#### [EXERCISE BRIEF]
The reply must contain exactly the lines below from the one with "为提高公司中文系员工沟通与写" down to the one with "Přijďte 28.-29. května", both included, and nothing more; please omit the pictures.

#### [DATA TO PROCESS]

══════

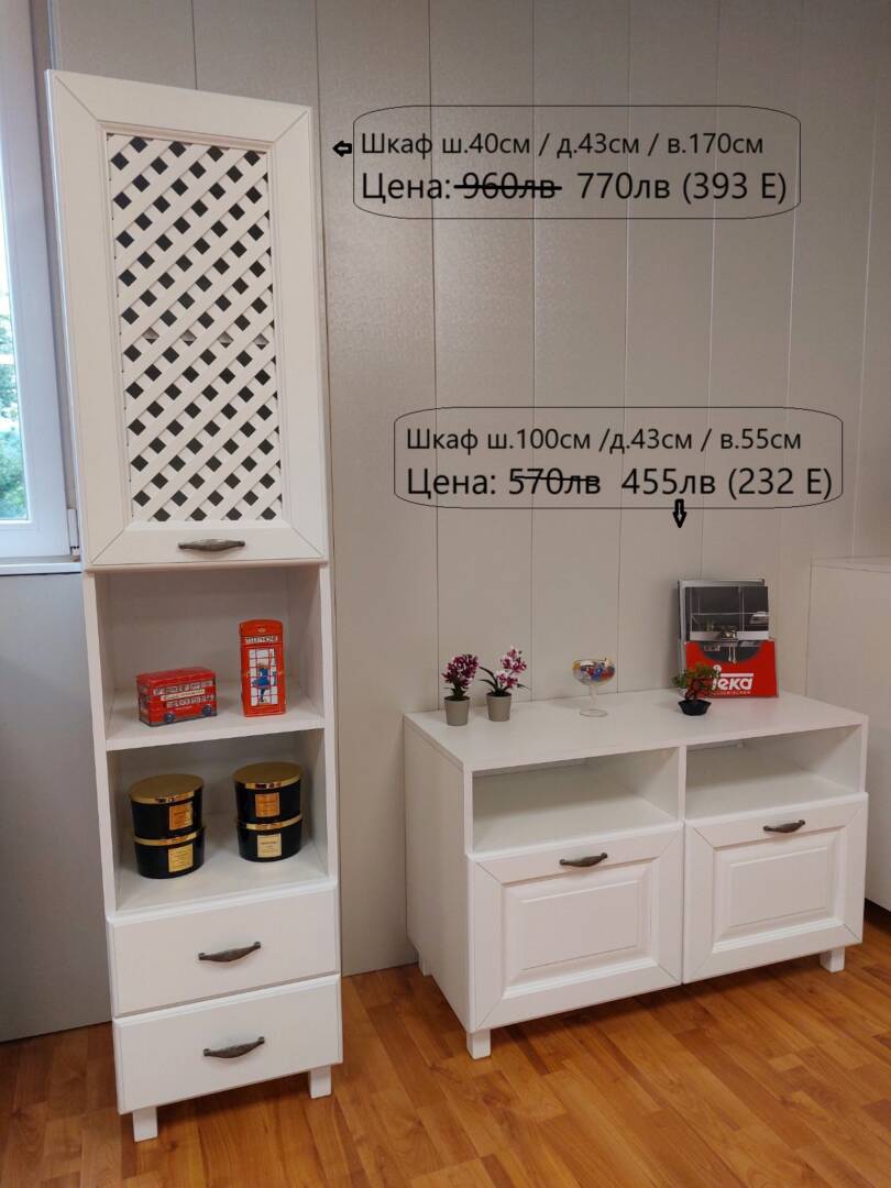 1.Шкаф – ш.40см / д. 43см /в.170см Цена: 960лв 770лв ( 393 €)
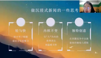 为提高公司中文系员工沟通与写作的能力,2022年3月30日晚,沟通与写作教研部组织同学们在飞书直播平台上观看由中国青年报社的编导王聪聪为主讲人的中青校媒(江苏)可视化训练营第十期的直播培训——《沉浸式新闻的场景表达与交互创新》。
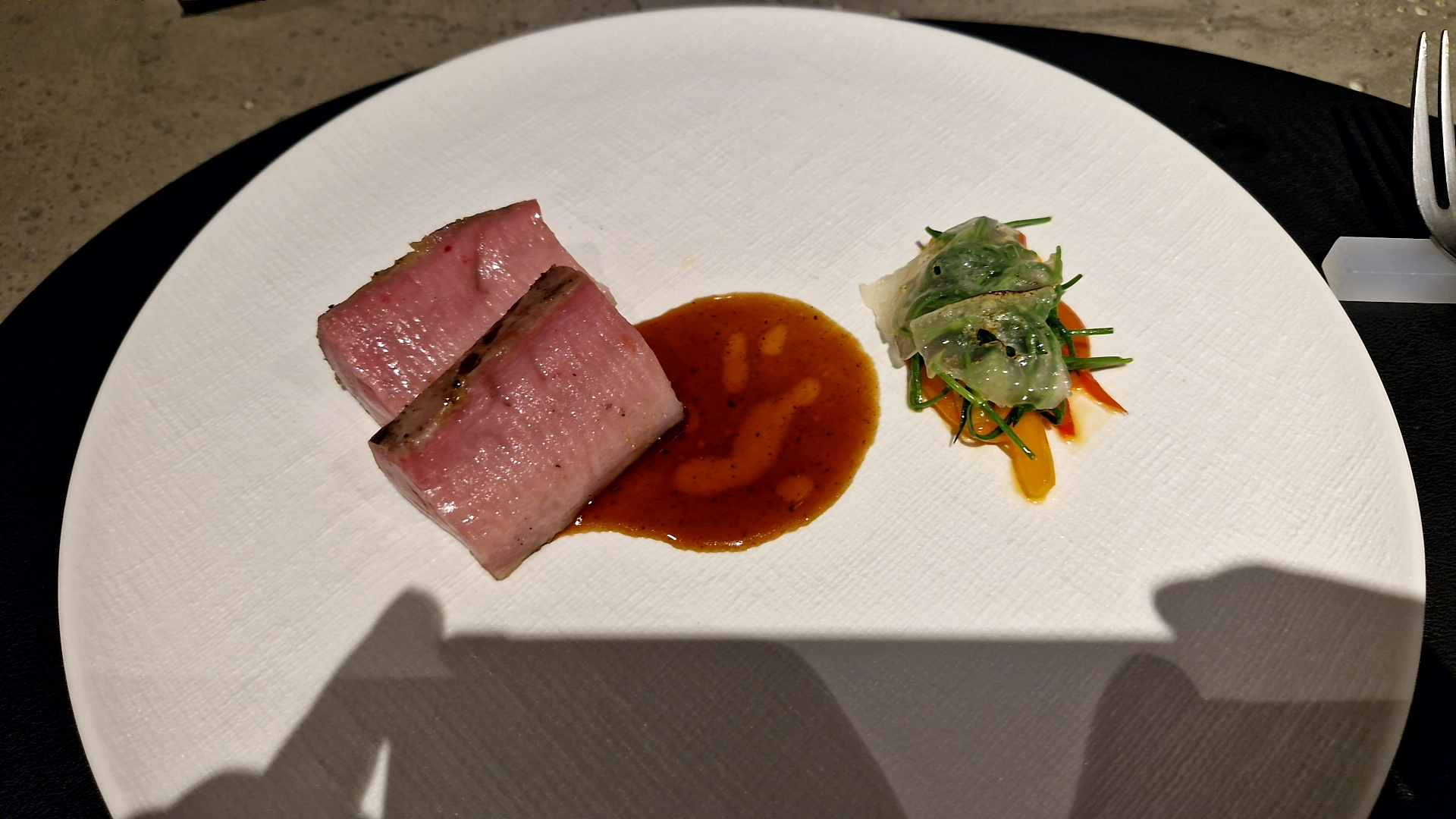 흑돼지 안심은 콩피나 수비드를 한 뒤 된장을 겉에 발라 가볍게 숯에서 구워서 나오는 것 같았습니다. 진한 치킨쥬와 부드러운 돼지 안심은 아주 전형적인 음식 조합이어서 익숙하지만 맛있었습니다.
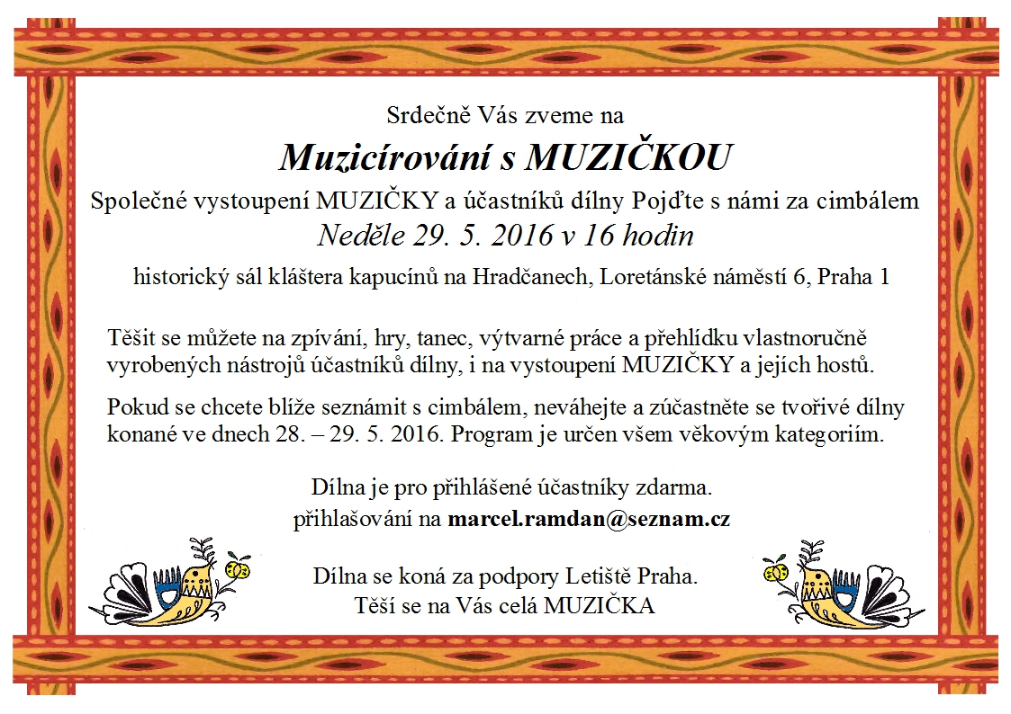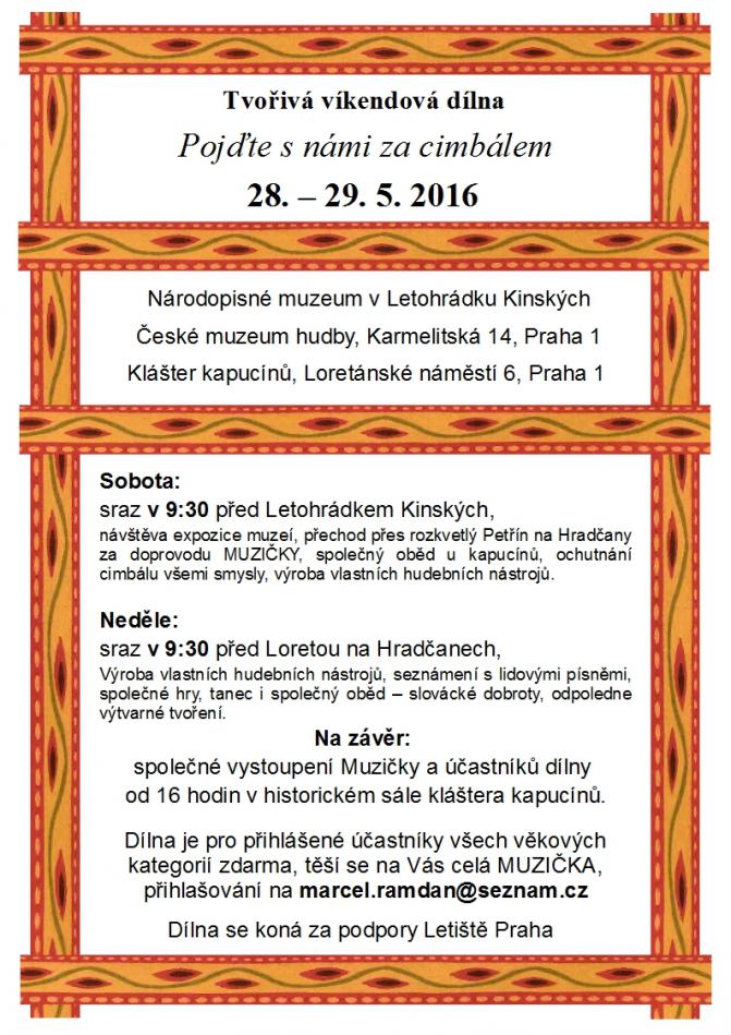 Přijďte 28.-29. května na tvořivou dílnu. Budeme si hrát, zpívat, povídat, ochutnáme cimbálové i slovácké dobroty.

══════

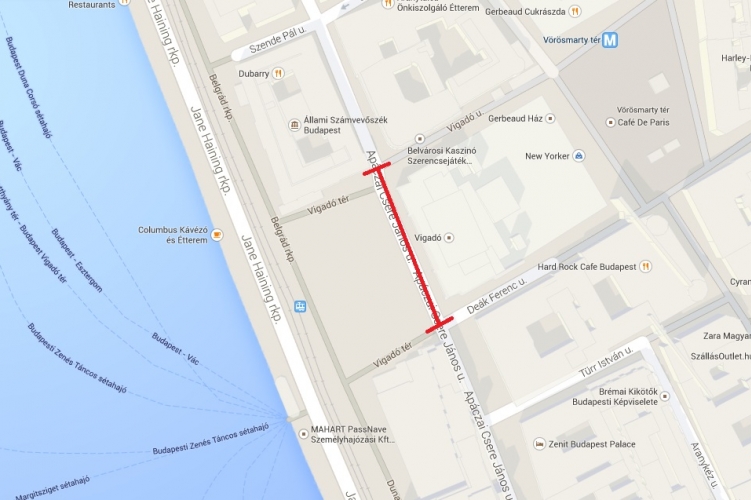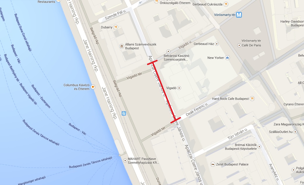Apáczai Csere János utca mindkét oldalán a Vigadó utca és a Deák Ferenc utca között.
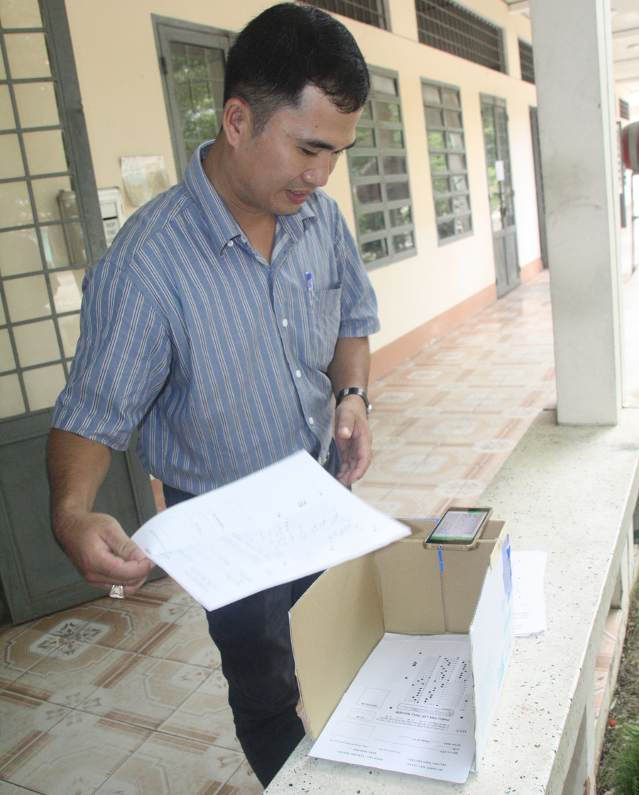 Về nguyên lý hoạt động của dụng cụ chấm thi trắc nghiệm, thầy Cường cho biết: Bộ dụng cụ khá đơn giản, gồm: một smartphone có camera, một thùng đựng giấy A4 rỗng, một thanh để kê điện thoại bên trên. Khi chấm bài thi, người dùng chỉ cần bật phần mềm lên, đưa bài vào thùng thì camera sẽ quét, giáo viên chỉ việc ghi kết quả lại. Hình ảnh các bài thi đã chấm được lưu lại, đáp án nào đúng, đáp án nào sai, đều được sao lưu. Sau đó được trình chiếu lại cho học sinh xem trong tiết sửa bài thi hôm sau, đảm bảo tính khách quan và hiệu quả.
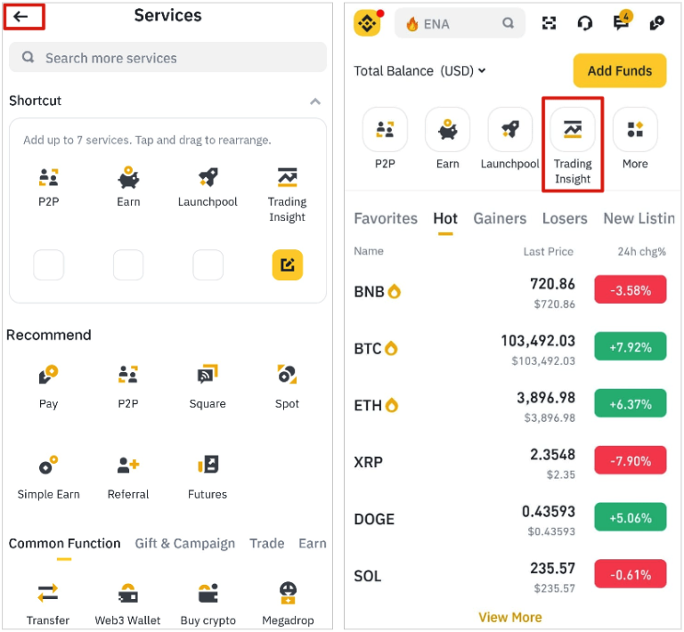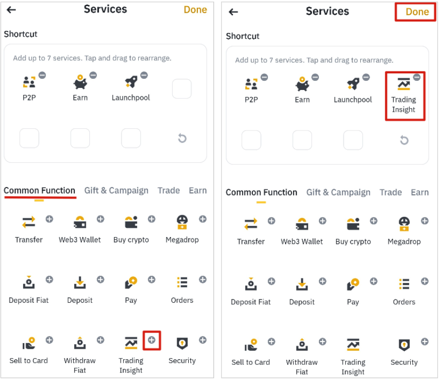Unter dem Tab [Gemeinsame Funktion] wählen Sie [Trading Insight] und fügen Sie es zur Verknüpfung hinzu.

══════

#### [WRITTEN SOLUTION]
 为提高公司中文系员工沟通与写作的能力,2022年3月30日晚,沟通与写作教研部组织同学们在飞书直播平台上观看由中国青年报社的编导王聪聪为主讲人的中青校媒(江苏)可视化训练营第十期的直播培训——《沉浸式新闻的场景表达与交互创新》。
 흑돼지 안심은 콩피나 수비드를 한 뒤 된장을 겉에 발라 가볍게 숯에서 구워서 나오는 것 같았습니다. 진한 치킨쥬와 부드러운 돼지 안심은 아주 전형적인 음식 조합이어서 익숙하지만 맛있었습니다.
 Přijďte 28.-29. května na tvořivou dílnu. Budeme si hrát, zpívat, povídat, ochutnáme cimbálové i slovácké dobroty.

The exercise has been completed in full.